I have a server application that needs to serialize messages into slices of bytes of different lengths, and periodically retry sending those messages until they either expire or are acknowledged. I've identified this area of my code as a performance bottleneck and am looking for ways to improve beyond having a global allocation for each message slice.
These messages are serialized once and then enqueued to be sent to multiple clients, though not every client gets every message. Ideally each client's representation on the server would have a VecDeque
containing a collection of Rc
s or some sort of refcounted representations to a serialized message (a [u8]
of variable length) that is waiting to be (re)sent.

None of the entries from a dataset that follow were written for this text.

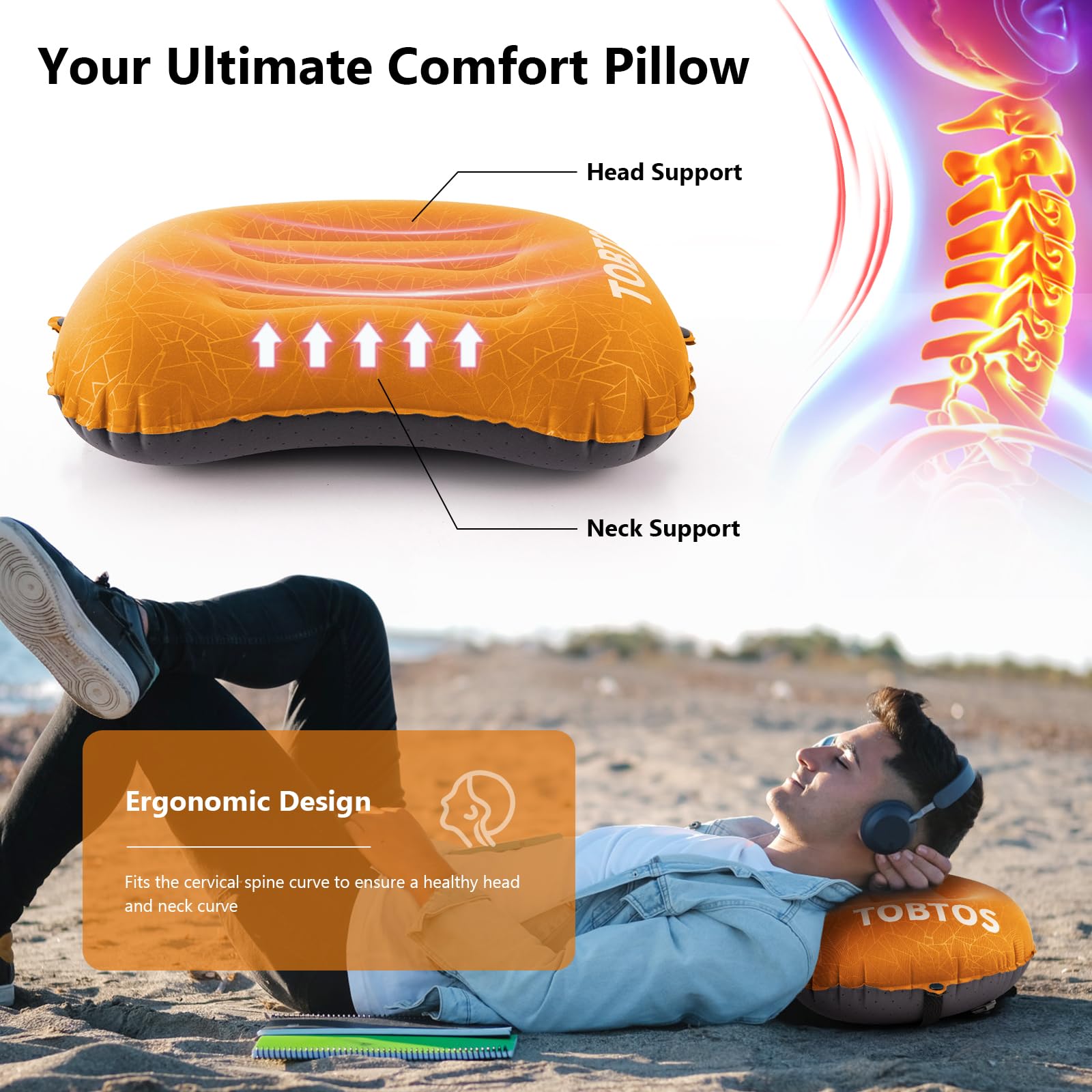 TOBTOS Inflatable Camping Pillow for Camping, Ultralight Backpacking Pillow, Ergonomic Support for Neck & Lumbar, Blow Up Air for Travel, Hiking, Outdoor (Orange)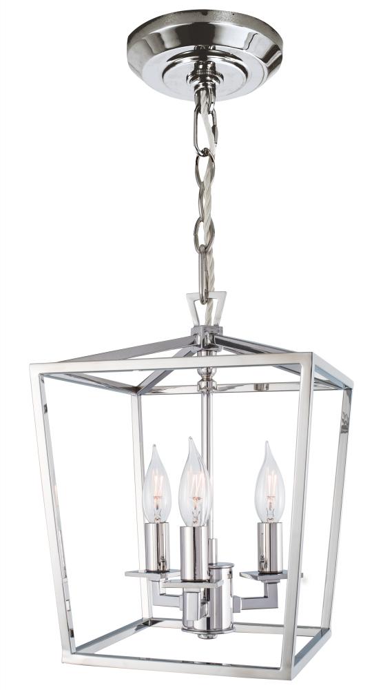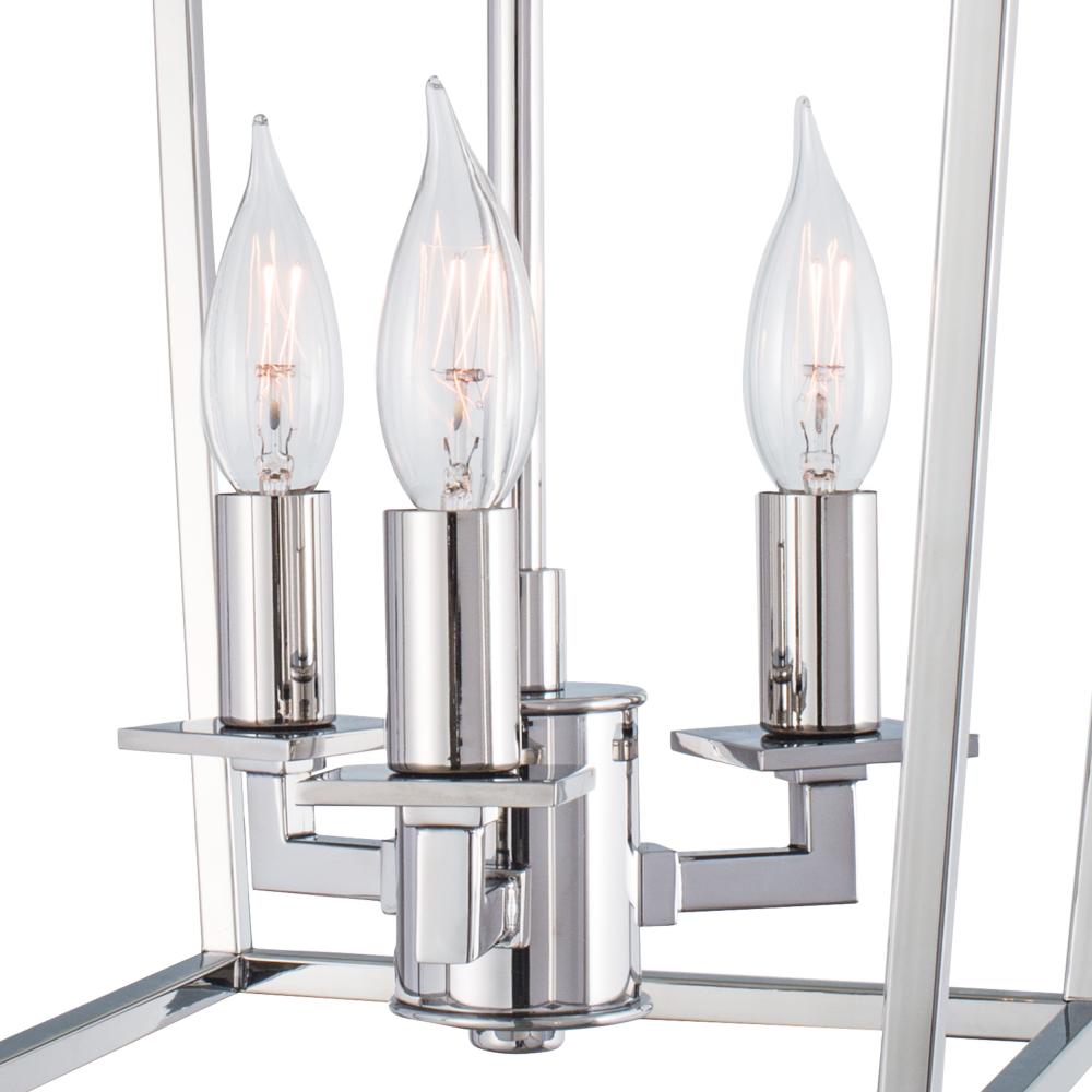 The old world charm of the Cage small pendant shines through the fixtures finely crafted framework with four candelabra bulbs.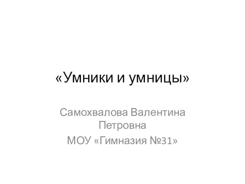 «Умники и умницы»Самохвалова Валентина ПетровнаМОУ «Гимназия №31»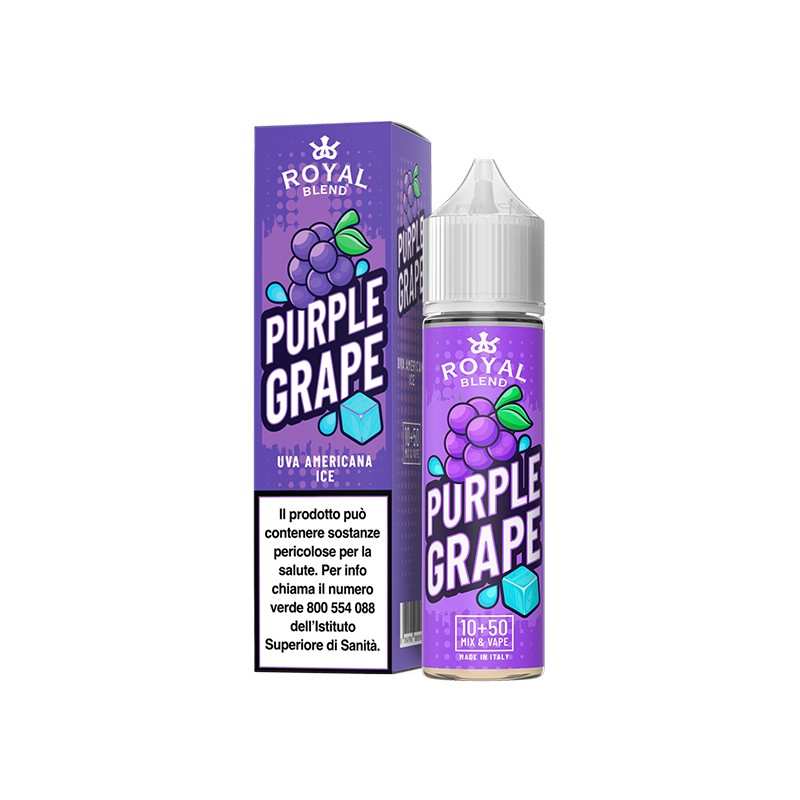 Royal Blend Purple Grape è un vape shot da 10 ml in un flacone da 60ml. Al gusto Ghiacciato di uva americana.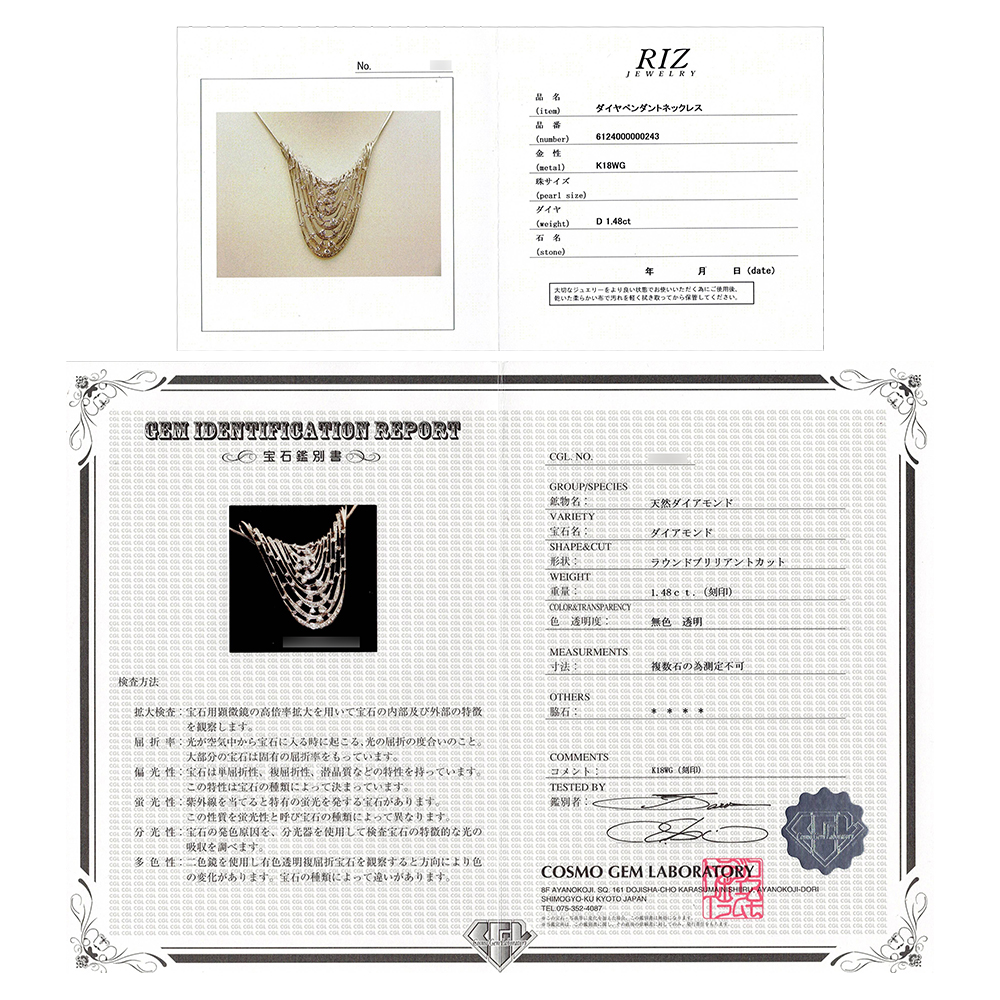 RIZ Jewelry K18WG ダイヤモンド 1.48ct デザイン ネックレス 保証書・鑑別書付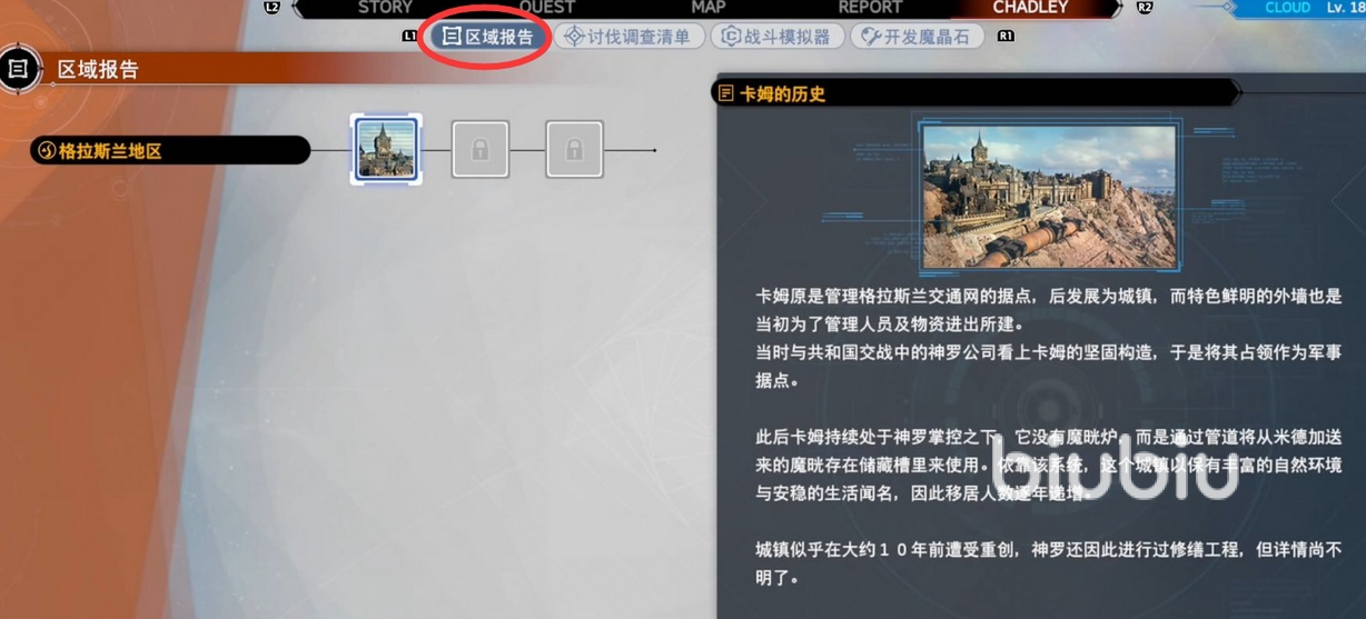 我们在调查生命点以后就会得到一份区域报告,比如格拉斯兰地区调查完就可以看到关于卡姆的历史。这里原本是一个交通网的据点,后面才慢慢发展成一个城镇,其中特色鲜明的外墙也是曾经的管理层出资建立的,简单来说这也是我们获取信息来源的一种方式。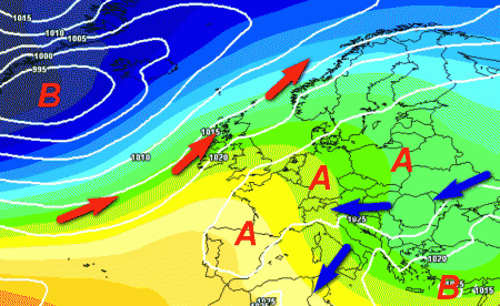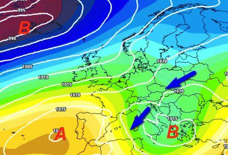 Sul bordo meridionale dell’alta pressione potrebbe scorrere aria fredda di matrice orientale che verrebbe messa in moto da una depressione posta in sede ellenica.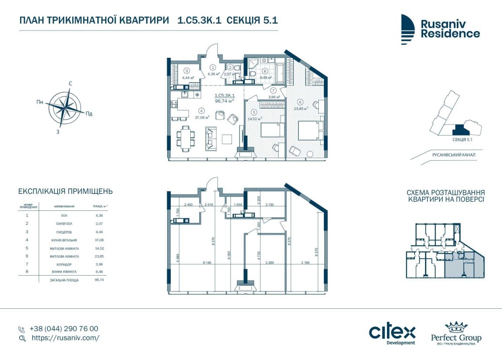 - Загальна площа: 96,74 м²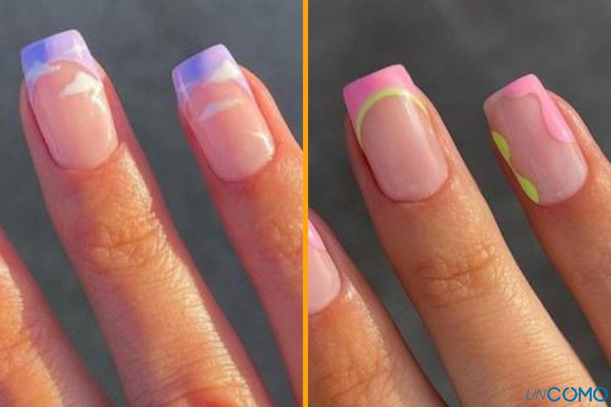 Con la llegada de la primavera es el momento de reinventarse y podemos hacerlo a través de una de las manicuras clásicas: la manicura francesa. La idea de este diseño de uñas de primavera de gel es darle una forma orgánica y de colores a la punta de la uña, para evitar la sobriedad de la francesa y darle un toque original y divertido.
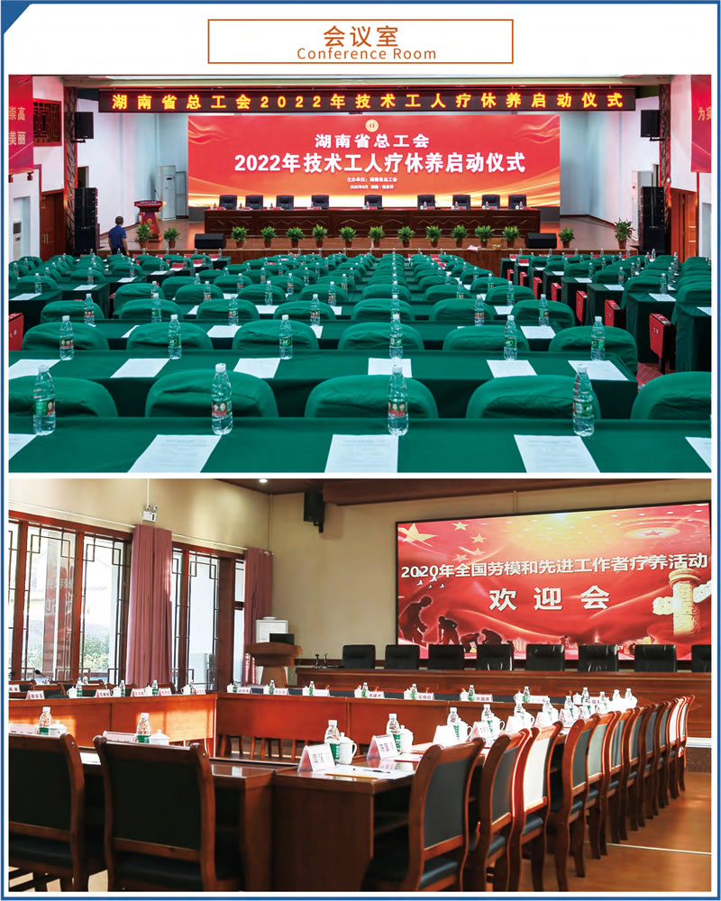 這里設施完備,環(huán)境優(yōu)美。占地70余畝,建筑面積23000余平方米,由多座湘西民族風格的園林建筑群組成。院外依山傍水,院內綠樹成蔭,環(huán)境優(yōu)美怡人,F(xiàn)有客房4棟,各類客房279間,中西餐廳可滿足500人同時就餐。大小多功能會議室、棋牌室、健身房、藍球場、羽毛球場等設施均有配備。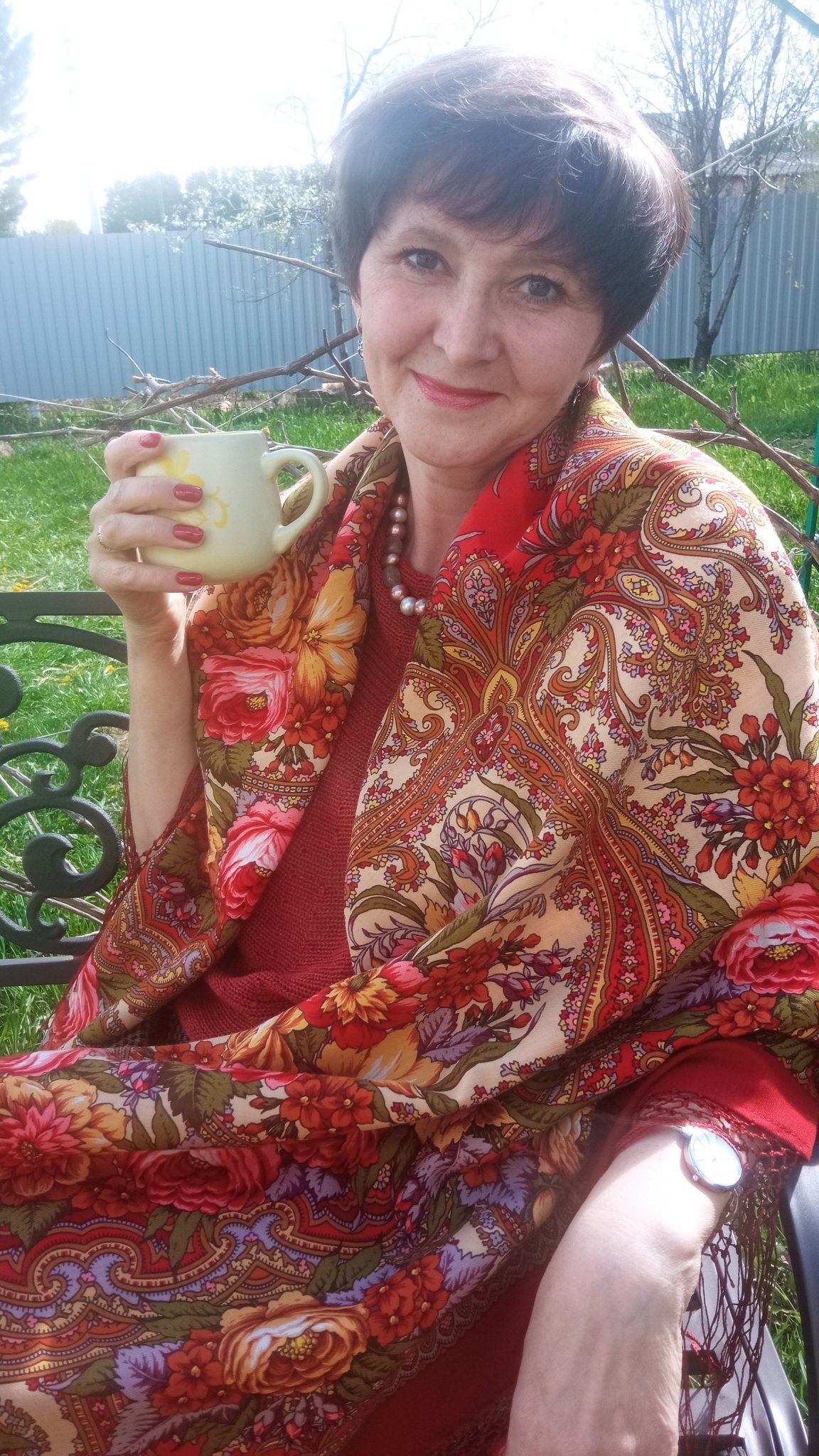 Вчерашнее полуденное солце сильно приукрасило шаль, на самом деле она не такая алая!

My first pass sketch of a data structure for this would be:
- Create a big
[u8]
page/chunk to push messages to as subslices
- For each pushed message, provide an
Rc
or Rc
-like handle to that subslice of the chunk
- This refcount is shared for the entire chunk, not just the subslice
- When all of the references are dropped (no subslice has an active reference anymore), return that chunk to a free list
- If there isn't room in the currently active chunk, either pull one off the free list or allocate a new one
With that in mind, some questions:
- Does a crate like this already exist? I'm aware of some bump allocators, but they work differently from what I have in mind.
- Could I just do this with
Rc
? I found this thread about creating subslices. Can an Rc
also be changed to have custom drop behavior (e.g. returning the chunk to a free list rather than truly dropping it)?
The bytes
crate has many of the things you're looking for. However, there is no built-in way to maintain a free list of chunks, that I can see anyway.
Yeah, I've looked at the Bytes data structure which offers the subslicing capabilities, but not chunk freeing and reuse. There's a point here where I would have enough chunks allocated for the lifetime of the program and wouldn't need to allocate any more, so being able to get to that state would be nice for predictability. This especially if I could profile and dial in good initial allocation sizes.
Something to keep in mind is that what you're asking for is a kind of memory allocator — every memory allocator is in the business of taking blocks of unused memory and slicing off pieces for separate use — and therefore even an ideal implementation of it won’t necessarily be an improvement over using the default allocator (or a different global allocator crate).
Specialized allocators like bump allocators can be faster by doing less work, but it’s not clear that there would be less work in this case.
You might be best off exploring alternative global allocators rather than looking for a specialized allocator.
1 Like
That's true, but in this case I do think there's potential benefit in locality. All of these messages will be accessed semi-sequentially for sending, so storing them sequentially in blocks seems advantageous over arbitrary global allocation.
Maybe, maybe not. Perhaps start by using the global allocator, then profile to determine whether allocation is a significant performance issue?
I have. As I mentioned in the OP, I've identified this area of my code as a performance bottleneck and am looking for ways to improve beyond having a global allocation for each message slice. That's why I'm looking for steps forward here. If I'm going to build/use something, it makes sense to me to take advantage of locality in the process.
Are the slices of varying size? If so, any sort of allocation scheme you invent for this will have to deal with memory fragmentation. I would give jemalloc and mimalloc global allocators a try first to see if they help. These are both very simple to add to a rust program. A single new dependency and a two line change. Cheap and easy to test.
Otherwise you need to look into what aspect of the current implementation is performing badly. Is it a pointer chasing issue? Is it that the memory allocations are slow? Are you having CPU cores fight over the cache line that contain the reference counters for Arc? For all of these there are relevant performance counters to measure with perf
on Linux (other platforms also have solutions, but I don't know much about them).
Without a deeper understanding of how the current code works and why it is slow, all we can do is guess as to what the proper solution is.
I appreciate the XY problem solving, but this is straying a little from the help that I'm asking for. 
I'd like to compare a pooled storage structure against the global allocator in this case, following the sketch I laid out above. I could also compare against jemalloc or mimalloc certainly. My main questions are about whether something like this currently exists as a crate (pooled/paged storage for varying sized slices), and/or whether Rc
could be overridden in its drop handling behavior to support writing something along these lines.
Then the idea of a freelist will work against you, because reusing blocks from it won't guarantee they will be sequential.
As others said allocating varying sized slices is effectively an allocator's job, the only difference being that normally allocators are global and request memory from the OS, while you want to give them a fixed-size slice to work with. Modern allocators like jemalloc and mimalloc already effectively do pooling internally for commonly sized allocation if that's what you wanted.
Rc
supports a custom allocator on nightly, so you could use that to customize the behavior for when the Rc
would want to deallocate its backing storage. Not sure if the requirements of the Allocator
trait fit your pool idea though.